#### What is being asked
Would you please set down the data again exactly as given, excluding the pictures?

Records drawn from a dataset
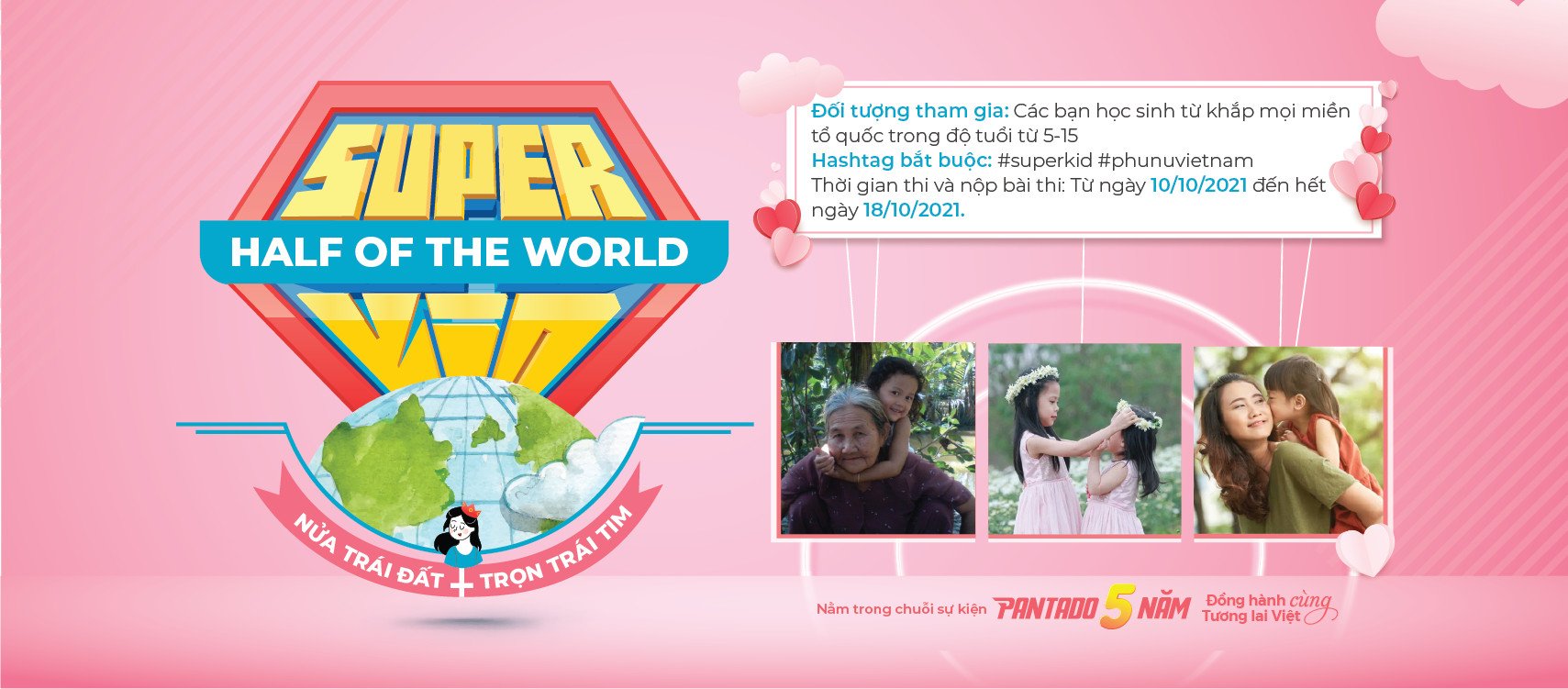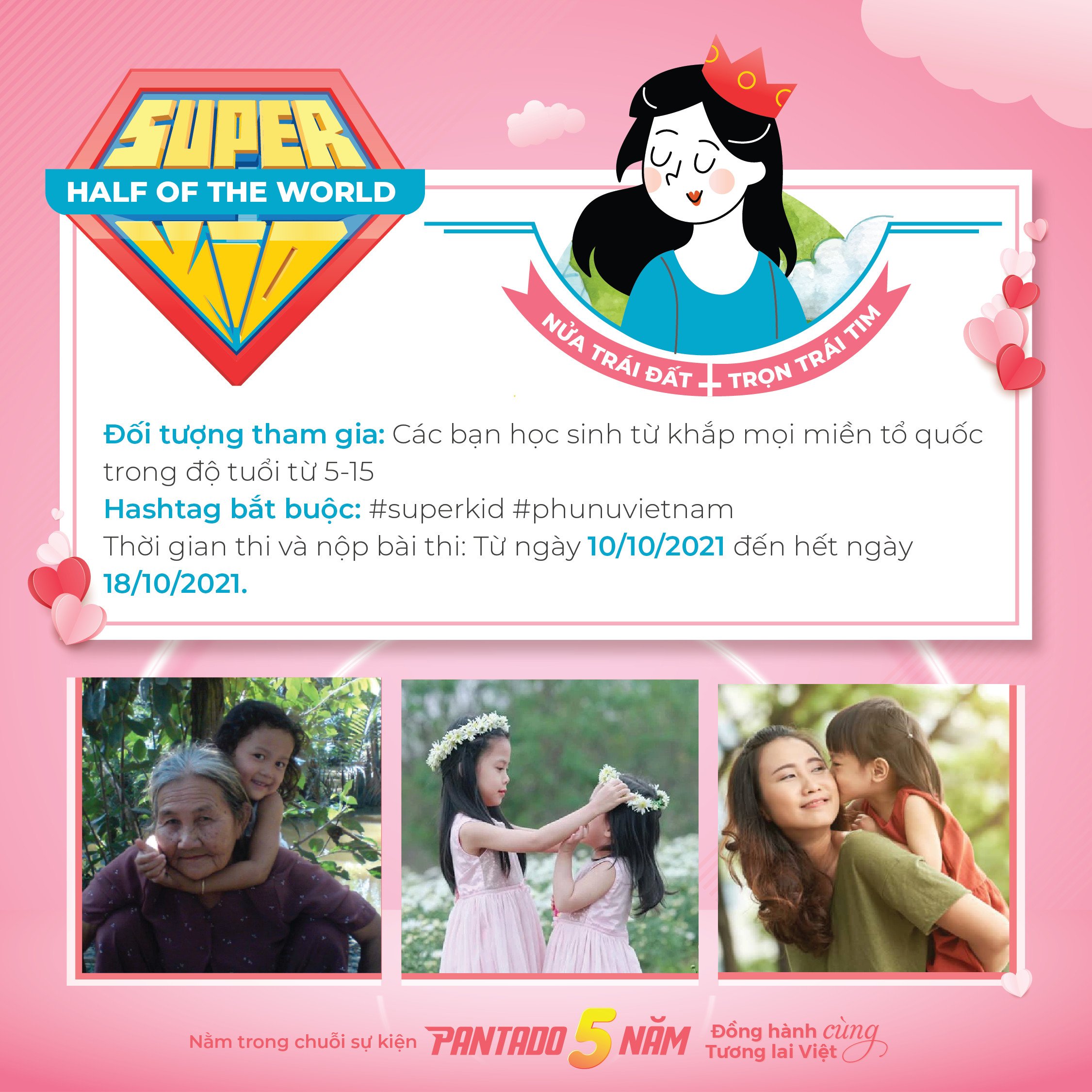 Và đặc biệt, sắp đến 20/10 – ngày Phụ nữ Việt Nam, đây cũng chính là dịp để các con bày tỏ tình niềm yêu thương, tình cảm sâu sắc nhất dành cho họ. Chính bởi vậy, nhân ngày Phụ nữ Việt Nam, Pantado hân hạnh tổ chức chương trình tri ân thông qua cuộc thi: “Superkid – Half Of The World”. Hy vọng trong mùa thi Superkid lần này BTC sẽ nhận được những bài dự thi đầy cảm xúc và sáng tạo của các con như mùa thi Superkid vừa qua.
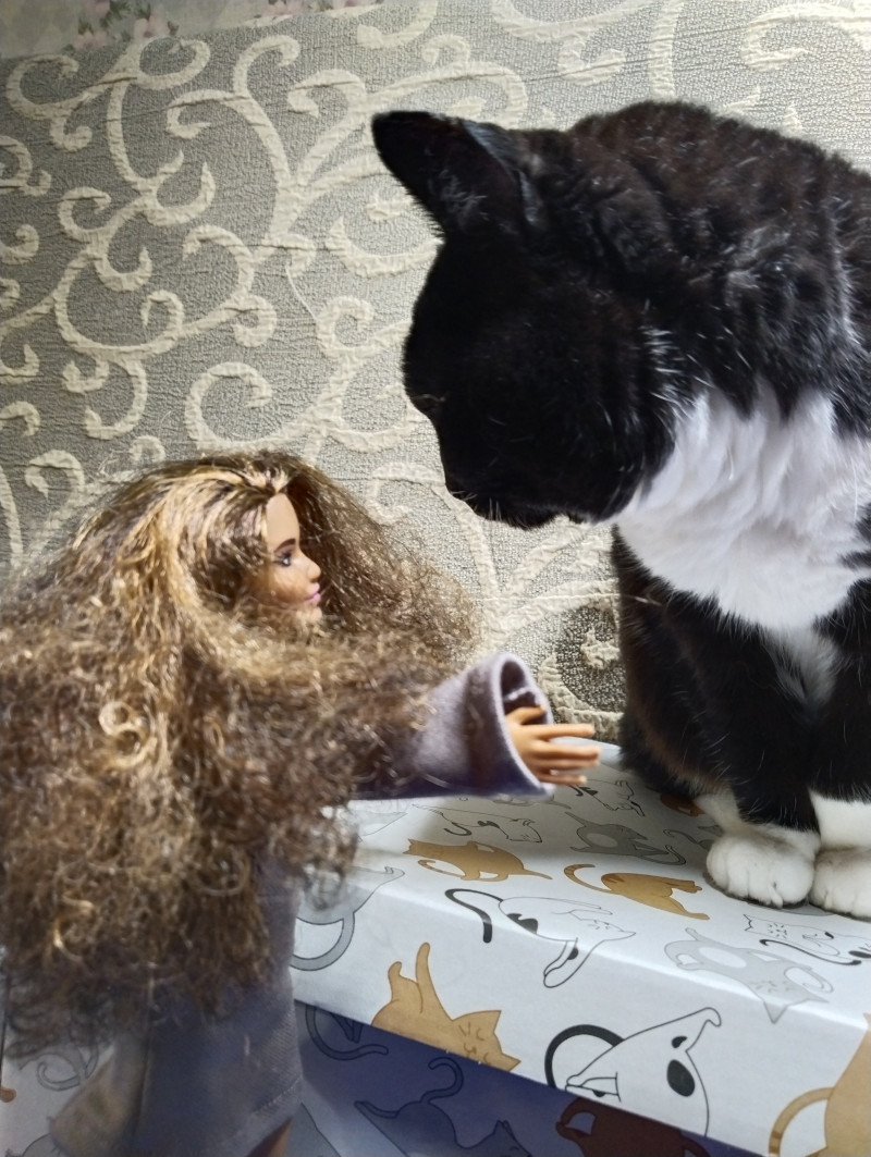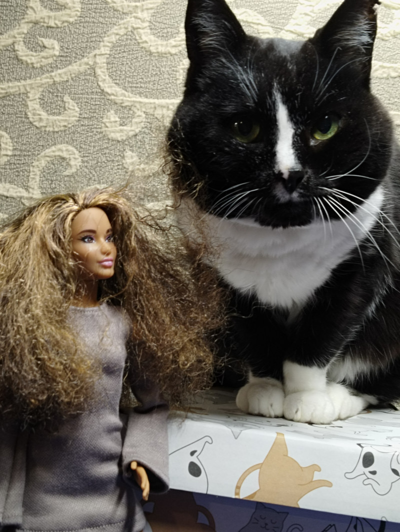 Она уже караулит, когда я кукол буду фотать и прыгает в центр 😂
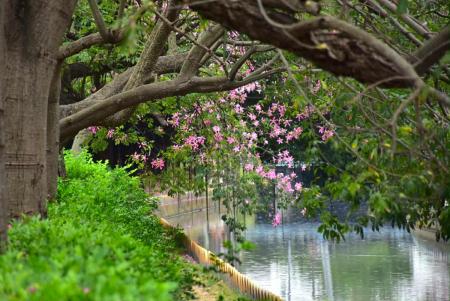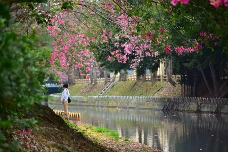 「春風又綠江南岸,明月何時照我還。」在這萬物復甦的季節,彰化的北斗河濱公園靜靜綻放著生命的美好。陽光透過樹梢,灑下斑駁的光影,彷彿在向來訪者講述這裡的故事。步道兩旁,美人樹綻放出成片的粉紅色花海,帶來沁人心脾的花香,讓每一位遊客都沉醉於生機與活力之中。
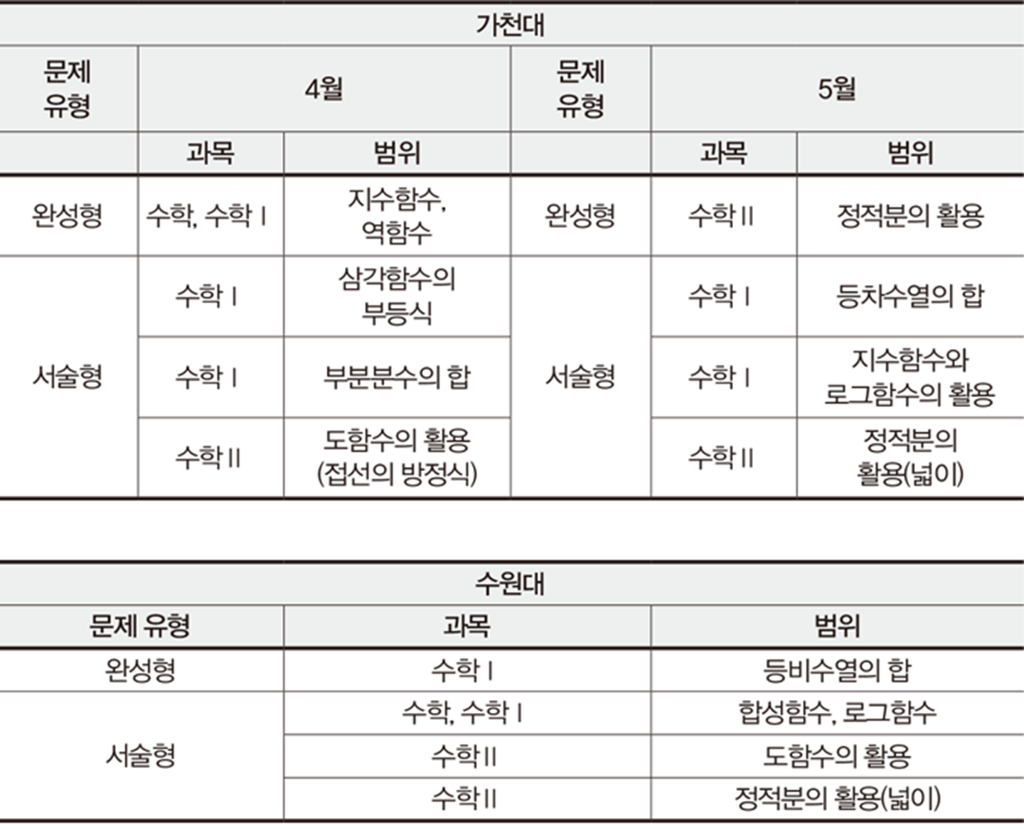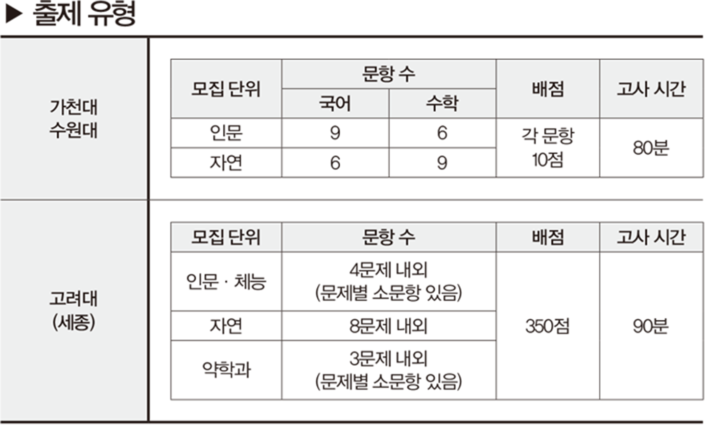 가천대와 수원대는 모집 단위에 따라 인문 계열은 국어 9문항, 수학 6문항을 출제한다. 자연 계열은 국어 6문항, 수학 9문항으로 문항 수에 차이를 뒀다. 배점은 문항 당 10점, 고사 시간은 80분이다. 15문항을 80분 안에 풀어야 하기 때문에 특정 문항에 시간을 쏟기보다 마지막 문제까지 해결한다는 자세로 시험에 임해야 한다. 고려대(세종)은 모집 단위에 따라 문항 수가 다르다. 인문·체능 계열은 4문제 내외이나, 문제별로 소문항이 있다는 점에 주의해야 한다. 자연 계열은 8문제 내외로 소문항은 없으며, 약학과는 3문제 내외로 역시 문제별 소문항이 있다는 점을 고려해야 한다.
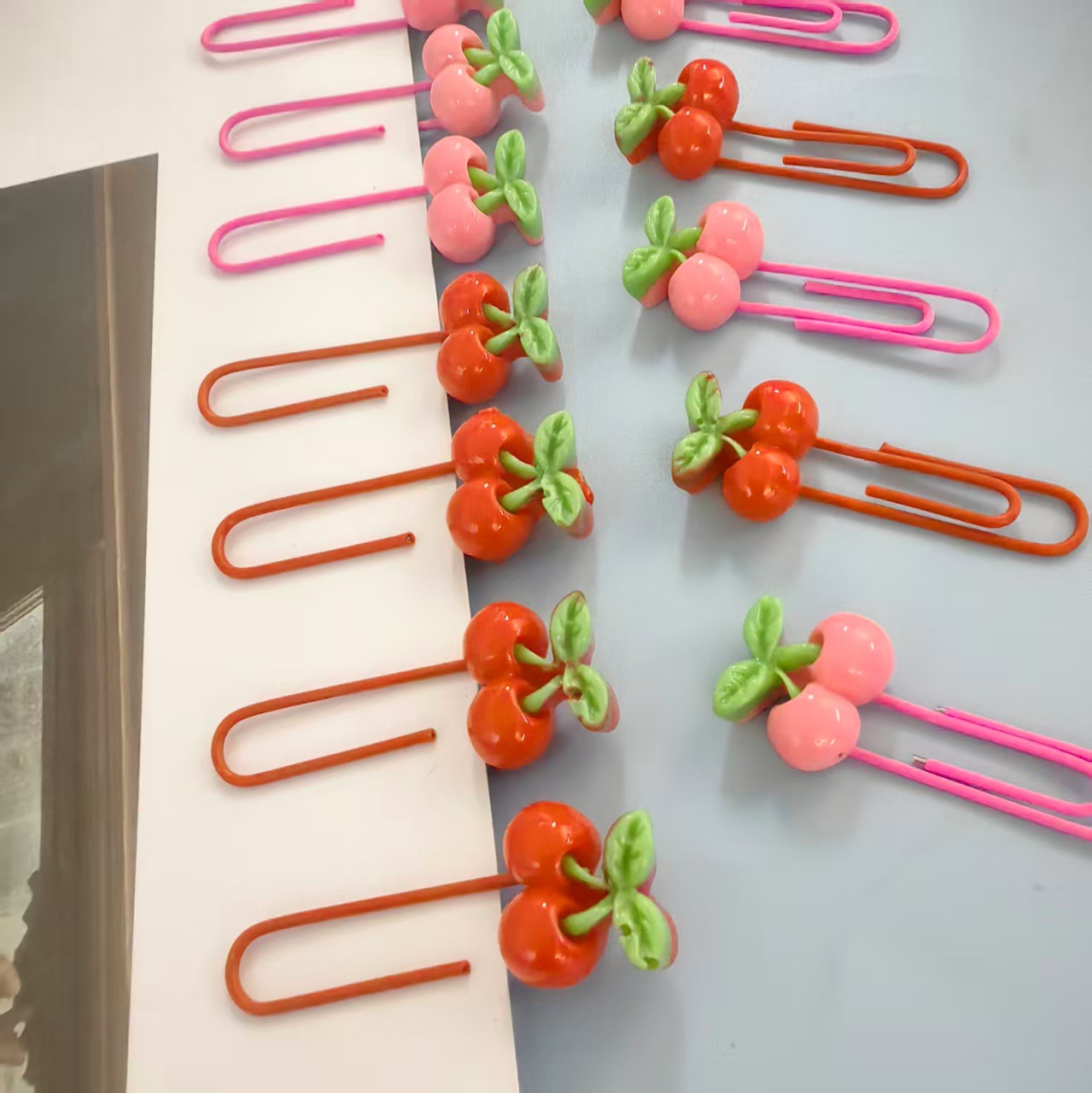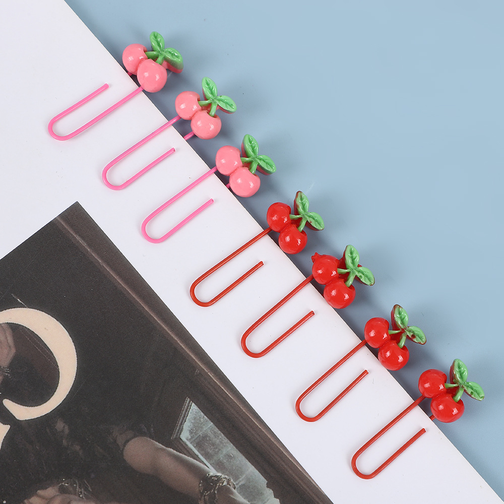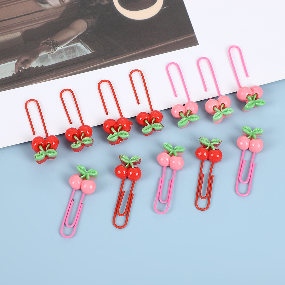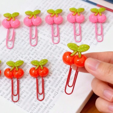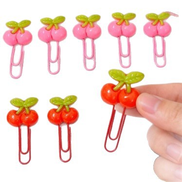 卡通樱桃包塑回形针粉色大红色曲别针手账夹发卡装饰品包胶回形针
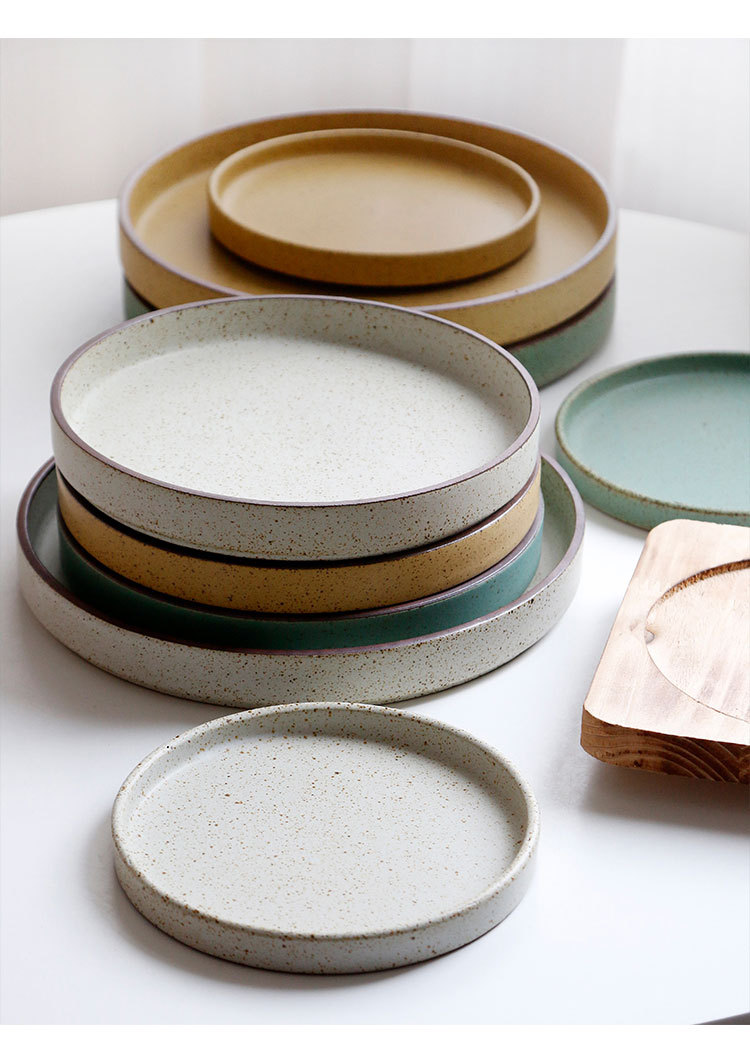 OMK 일본식 거친 도자기 접시 크리 에이 티브 맞춤형 레스토랑 식기 작은 접시 복고풍 라운드 디너 접시 도매
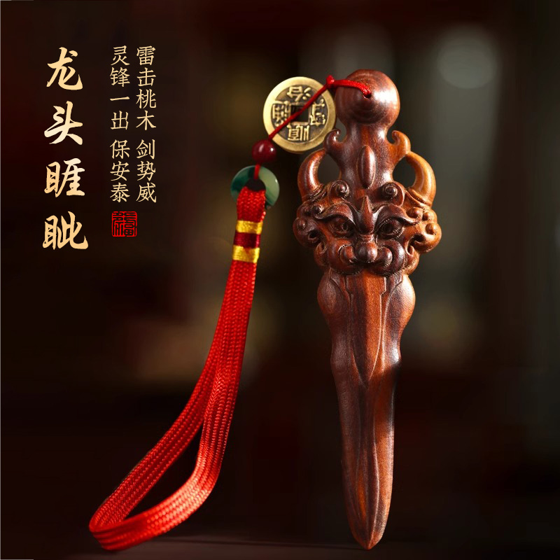 天然雷击桃木剑紫微讳剑挂件宝剑雷击木手把件宝宝随身汽车挂饰品
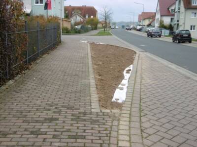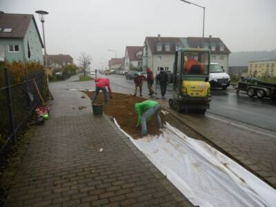 Eine weitere Aktion war das Anlegen eines Silberstreifes in der Ochsenfurter Straße. Pflanzen, die in sehr mageren Boden gepflanzt und mit Zierschotter abgedeckt wurden.
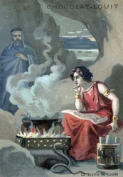 lehrreich · karte · louit · cumaean sybil · sybil · religion · heidentum · prophetin · priesterin · italien · griechisch · altgriechisch · cumae · apollonisches orakel · prognose · feuer · schlange · höhle · römisch · antikes rom · seher · Private Collection / Bridgeman Images · / Look and Learn
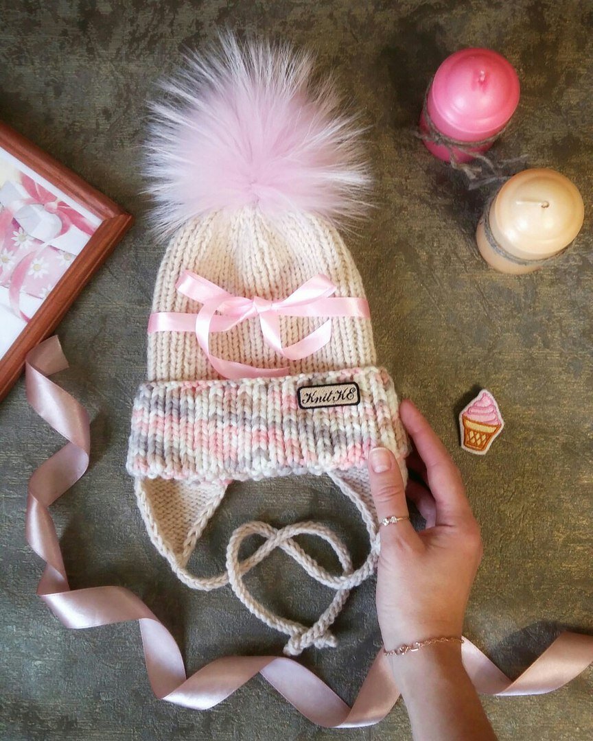 Были у меня брошка-мороженка, которую я приобрела "потому что у меня девочка", пряжа, мимо которой я не смогла пройти, и помпон, который я не смогла не купить. И всё это ждало вдохновения. Так получилась шапочка "Клубничное мороженое". А сейчас, внимание: мамы девочек (и мамы мальчиков - вдруг, у вас есть в подругах мамы девочек ) - шапочка в наличии и ищет свою маленькую хозяйку. Состав: 50% мериносовая шерсть, 50% акрил.
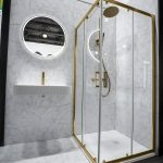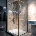 Душевой уголок Alpha VSS-3AL-CLG, профиль брашированное золото, стекло прозрачное с душевой стойкой термостатической Vogue VSFS-1V1TBG с изливом, цвет брашированное золото

#### Task solution
 Và đặc biệt, sắp đến 20/10 – ngày Phụ nữ Việt Nam, đây cũng chính là dịp để các con bày tỏ tình niềm yêu thương, tình cảm sâu sắc nhất dành cho họ. Chính bởi vậy, nhân ngày Phụ nữ Việt Nam, Pantado hân hạnh tổ chức chương trình tri ân thông qua cuộc thi: “Superkid – Half Of The World”. Hy vọng trong mùa thi Superkid lần này BTC sẽ nhận được những bài dự thi đầy cảm xúc và sáng tạo của các con như mùa thi Superkid vừa qua.
 Она уже караулит, когда я кукол буду фотать и прыгает в центр 😂
 「春風又綠江南岸,明月何時照我還。」在這萬物復甦的季節,彰化的北斗河濱公園靜靜綻放著生命的美好。陽光透過樹梢,灑下斑駁的光影,彷彿在向來訪者講述這裡的故事。步道兩旁,美人樹綻放出成片的粉紅色花海,帶來沁人心脾的花香,讓每一位遊客都沉醉於生機與活力之中。
 가천대와 수원대는 모집 단위에 따라 인문 계열은 국어 9문항, 수학 6문항을 출제한다. 자연 계열은 국어 6문항, 수학 9문항으로 문항 수에 차이를 뒀다. 배점은 문항 당 10점, 고사 시간은 80분이다. 15문항을 80분 안에 풀어야 하기 때문에 특정 문항에 시간을 쏟기보다 마지막 문제까지 해결한다는 자세로 시험에 임해야 한다. 고려대(세종)은 모집 단위에 따라 문항 수가 다르다. 인문·체능 계열은 4문제 내외이나, 문제별로 소문항이 있다는 점에 주의해야 한다. 자연 계열은 8문제 내외로 소문항은 없으며, 약학과는 3문제 내외로 역시 문제별 소문항이 있다는 점을 고려해야 한다.
 卡通樱桃包塑回形针粉色大红色曲别针手账夹发卡装饰品包胶回形针
 OMK 일본식 거친 도자기 접시 크리 에이 티브 맞춤형 레스토랑 식기 작은 접시 복고풍 라운드 디너 접시 도매
 天然雷击桃木剑紫微讳剑挂件宝剑雷击木手把件宝宝随身汽车挂饰品
 Eine weitere Aktion war das Anlegen eines Silberstreifes in der Ochsenfurter Straße. Pflanzen, die in sehr mageren Boden gepflanzt und mit Zierschotter abgedeckt wurden.
 lehrreich · karte · louit · cumaean sybil · sybil · religion · heidentum · prophetin · priesterin · italien · griechisch · altgriechisch · cumae · apollonisches orakel · prognose · feuer · schlange · höhle · römisch · antikes rom · seher · Private Collection / Bridgeman Images · / Look and Learn
 Были у меня брошка-мороженка, которую я приобрела "потому что у меня девочка", пряжа, мимо которой я не смогла пройти, и помпон, который я не смогла не купить. И всё это ждало вдохновения. Так получилась шапочка "Клубничное мороженое". А сейчас, внимание: мамы девочек (и мамы мальчиков - вдруг, у вас есть в подругах мамы девочек ) - шапочка в наличии и ищет свою маленькую хозяйку. Состав: 50% мериносовая шерсть, 50% акрил.
 Душевой уголок Alpha VSS-3AL-CLG, профиль брашированное золото, стекло прозрачное с душевой стойкой термостатической Vogue VSFS-1V1TBG с изливом, цвет брашированное золото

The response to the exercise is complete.